» TASK INSTRUCTIONS
Given the material below, return only the lines starting at the line with "Hier sind neben" and ending at the line with "CP9000LFA系列采用双", exactly as they appear.

» RECORDS SUPPLIED
============
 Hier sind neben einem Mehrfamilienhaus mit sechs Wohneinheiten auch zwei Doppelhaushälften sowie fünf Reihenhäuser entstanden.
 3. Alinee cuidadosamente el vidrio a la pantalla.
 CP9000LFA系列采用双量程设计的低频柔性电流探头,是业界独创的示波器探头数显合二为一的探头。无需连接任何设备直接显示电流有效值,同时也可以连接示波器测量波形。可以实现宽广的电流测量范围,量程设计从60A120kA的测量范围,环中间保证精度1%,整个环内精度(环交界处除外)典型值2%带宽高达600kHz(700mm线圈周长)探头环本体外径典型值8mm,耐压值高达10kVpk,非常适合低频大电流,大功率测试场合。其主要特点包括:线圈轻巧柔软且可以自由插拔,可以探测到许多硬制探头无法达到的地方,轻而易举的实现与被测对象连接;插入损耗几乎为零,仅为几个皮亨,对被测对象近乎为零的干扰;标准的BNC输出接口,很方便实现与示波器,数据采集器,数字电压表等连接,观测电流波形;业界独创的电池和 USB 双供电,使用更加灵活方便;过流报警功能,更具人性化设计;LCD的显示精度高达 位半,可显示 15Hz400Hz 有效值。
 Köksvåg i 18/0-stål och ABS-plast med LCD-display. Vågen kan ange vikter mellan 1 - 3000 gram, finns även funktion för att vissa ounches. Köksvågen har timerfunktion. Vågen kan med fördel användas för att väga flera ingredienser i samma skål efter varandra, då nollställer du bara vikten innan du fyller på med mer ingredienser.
============
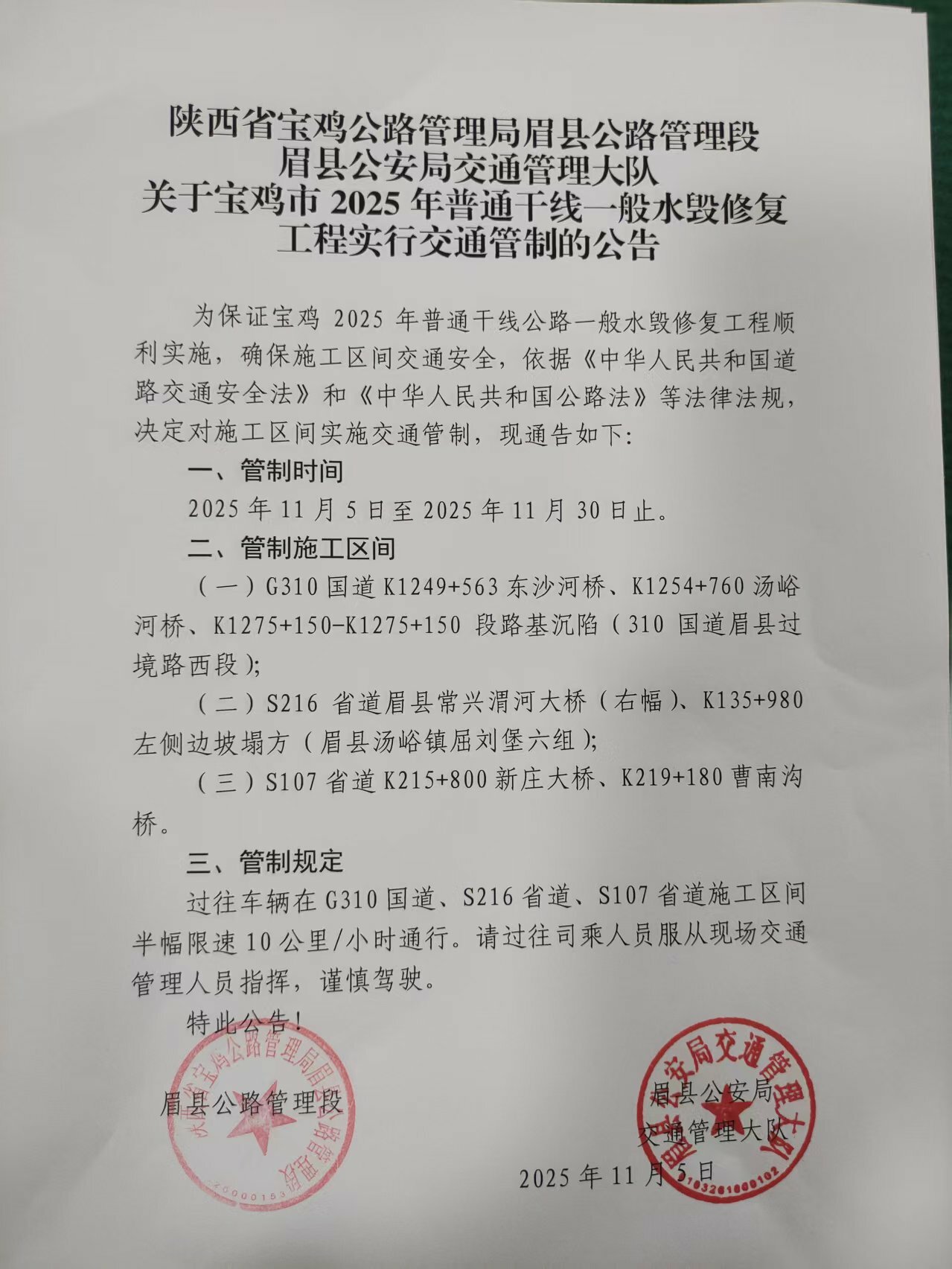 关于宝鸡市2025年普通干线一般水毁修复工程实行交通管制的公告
============
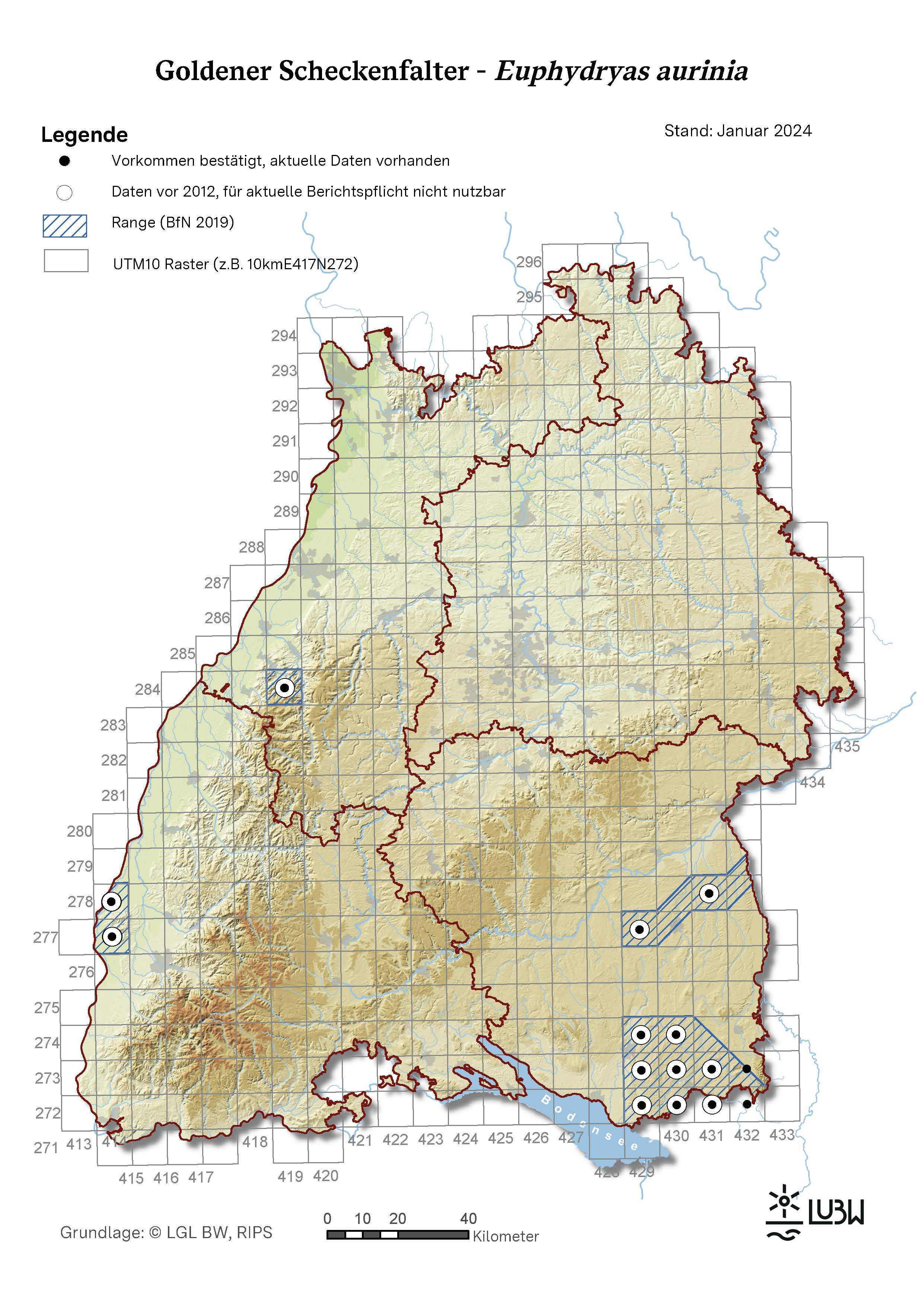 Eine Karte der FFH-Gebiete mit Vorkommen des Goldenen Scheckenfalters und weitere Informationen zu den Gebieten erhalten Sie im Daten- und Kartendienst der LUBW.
============
» RESPONSE BOX
 Hier sind neben einem Mehrfamilienhaus mit sechs Wohneinheiten auch zwei Doppelhaushälften sowie fünf Reihenhäuser entstanden.
 3. Alinee cuidadosamente el vidrio a la pantalla.
 CP9000LFA系列采用双量程设计的低频柔性电流探头,是业界独创的示波器探头数显合二为一的探头。无需连接任何设备直接显示电流有效值,同时也可以连接示波器测量波形。可以实现宽广的电流测量范围,量程设计从60A120kA的测量范围,环中间保证精度1%,整个环内精度(环交界处除外)典型值2%带宽高达600kHz(700mm线圈周长)探头环本体外径典型值8mm,耐压值高达10kVpk,非常适合低频大电流,大功率测试场合。其主要特点包括:线圈轻巧柔软且可以自由插拔,可以探测到许多硬制探头无法达到的地方,轻而易举的实现与被测对象连接;插入损耗几乎为零,仅为几个皮亨,对被测对象近乎为零的干扰;标准的BNC输出接口,很方便实现与示波器,数据采集器,数字电压表等连接,观测电流波形;业界独创的电池和 USB 双供电,使用更加灵活方便;过流报警功能,更具人性化设计;LCD的显示精度高达 位半,可显示 15Hz400Hz 有效值。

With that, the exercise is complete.